Botanicum Medicinale PDF Author: Catherine Whitlock
Publisher: MIT Press
ISBN: 0262044471
Category : Science
Languages : en
Pages : 225

Book Description
A beautifully illustrated, informative, and engaging guide to 100 plants used for medicinal purposes. Remedies derived from plants are the world's oldest medicines. Used extensively in China, India, and many African countries, herbal medicine has become increasingly popular in the West along with other holistic and alternative therapies. Botanicum Medicinale offers a modern guide to 100 medicinal plants, featuring beautiful, full-color botanical illustrations and informative, engaging text. Each entry describes the plant's classification and habitat, traditional and current medicinal uses, and an interesting fact or two. Readers will learn, for example, that absinthe, the highly alcoholic, vividly green potable, was traditionally flavored with bitter wormwood (Artemesia absinthium); that cannabis may have been used by Queen Victoria for menstrual pain; and that willow bark contains a chemical similar to aspirin. Detailed and striking artwork depicts each plant. The entries are arranged alphabetically—from Adonis vernalis (a perennial in the buttercup family) to Vinca minor (also known as the common periwinkle). The 100 plants featured in the book all have a long history of medicinal use or are the subject of new medical research. Many treat a range of conditions, from insomnia to indigestion. Some plants are lovely enough to be in a bridal bouquet; others are considered weeds. Cross-reference features at the end of the book connect specific medical conditions and the plants used to treat them.

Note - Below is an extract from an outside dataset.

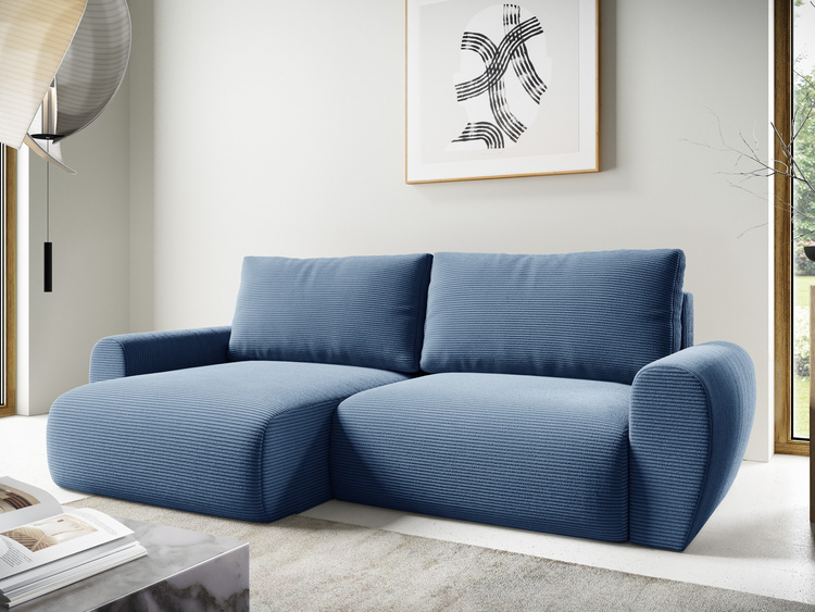 Niebieski narożnik rozkładany na nóżkach z pojemnikiem i funkcją spania APOLLO
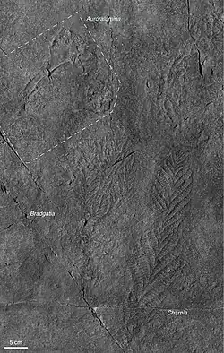Bradgatia linfordensis is a petalonamid, consisting of up to six or more fronds, which radiates from a central anchor point, or holdfast, at its base. As such, it has been likened to a compressed cabbage. The fronds themselves are regularly spaced out from one another suggesting that Bradgatia was fairly rigid, and which could grow up to 300 mm (11.8 in) in height, towering over some of the smaller petalonamids around it.[2][1]

Diaspora Animal-Named Herbs and Roots

Diaspora Animal-Named Herbs and Roots PDF Author: Indiana Robinson
Publisher:
ISBN: 9781365980596
Category :
Languages : en
Pages : 0

Book Description
If you are tired of tired of going to the doctors, filling umpteen prescriptions, taking hundreds of pills over the course of a lifetime with little to no results because you are still being plagued by the same illness, this book might be for you. It features over 170 different plants and herbs with medicinal and healing value. As you will see readers, we concluded the book with not only the herbs/roots that we believe is best suited for our needs by naming plants named for animals as well uses of Diaspora herbs and roots, but we also demonstrated the plants' applicability in real life. For safety purposes, we have to issue this caution that you must visit with your medical team to discuss if this is the right approach for you before embarking on a course of these natural herbs and root mostly in tea form. Good luck readers.